Mint

Season: Year-round
Storage: Fresh leaves can be stored in the refrigerator in a plastic bag or jar for 2-7 days.

Fun Facts: Mint is for more than mojitos, although that is a delicious application. Leaves of mint can be dark green, grayish-green or purple in color, with a lanceolate shape and serrated edges. This cool and refreshing herb is a popular flavor around the world in both sweet & savory dishes. It can be dried and used in tea, paired with lamb in mint relish, and is key to Tzatziki. It is often paired with chocolate, and don’t forget – mint ice cream!

Get your local mint by joining our Farm Share or shopping at farmers markets. Don’t forget to share your favorite preparations with your fellow veggie lovers on our Facebook page!

Minty Snap Pea Salad

Recipe from thekitchn

Ingredients

  • 1 pound sugar snap peas, tough strings removed

  • 3 tablespoons olive oil

  • 2 tablespoons freshly squeezed lemon juice

  • 1 teaspoon whole-grain or regular Dijon mustard

  • 1 teaspoon minced shallot

  • Kosher salt

  • Freshly ground black pepper

  • 1 pound fresh ciliegine mozzarella cheese (cherry-sized mozzarella balls), halved

  • 1 small bunch radishes, thinly sliced (save the tops for another use)

  • 3 tablespoons finely chopped fresh mint leaves

Instructions

  • Fill a large bowl with water and ice; set aside.

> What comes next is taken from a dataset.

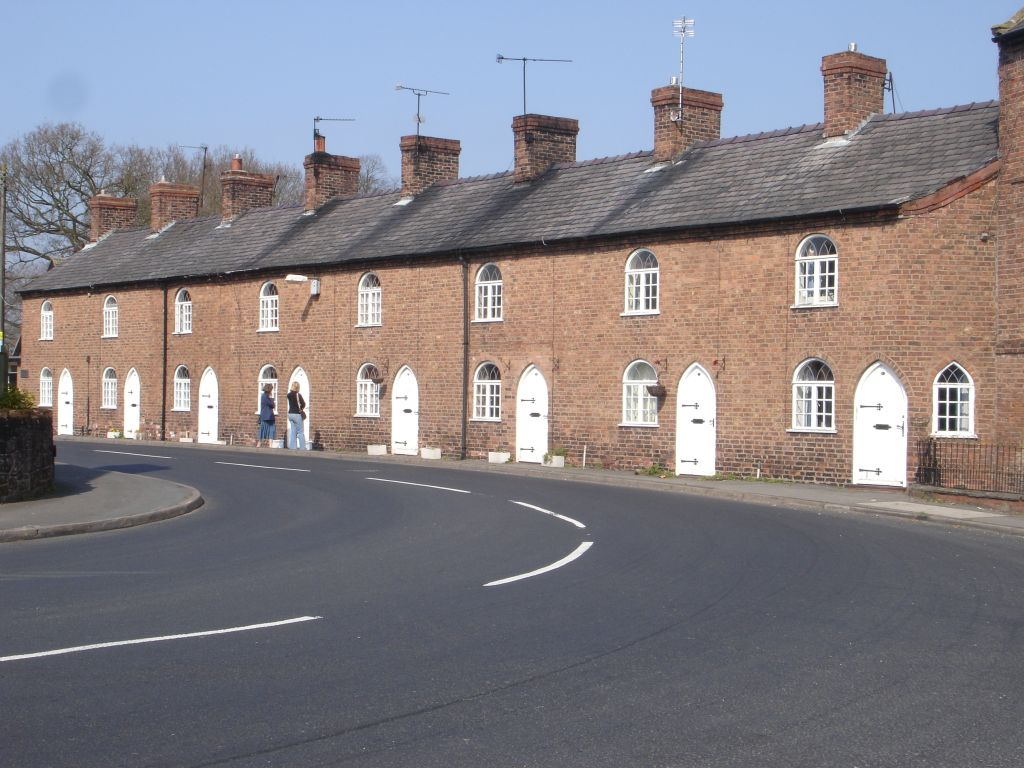 Overton-on-Dee High Street.

  • Bring a large pot of water to a boil. Add the snap peas and cook until just tender yet still crisp, about 2 minutes. Drain and immediately transfer them to the ice water. Meanwhile, whisk together the oil, lemon juice, mustard, and shallot in a large bowl. Taste and season with salt and pepper as needed.

  • Drain the snap peas and slice each in half on the diagonal. Add the snap peas, mozzarella, radishes, and mint to the dressing and toss evenly coat.

Note: Leftovers can be stored in an airtight container for up to 3 days.

Asparagus & Radishes with Mint

Recipe from thekitchn

Ingredients

  • 1 pound asparagus

  • 1/2 tablespoon butter or olive oil

  • 4 ounces radishes (5 to 8 medium to large radishes)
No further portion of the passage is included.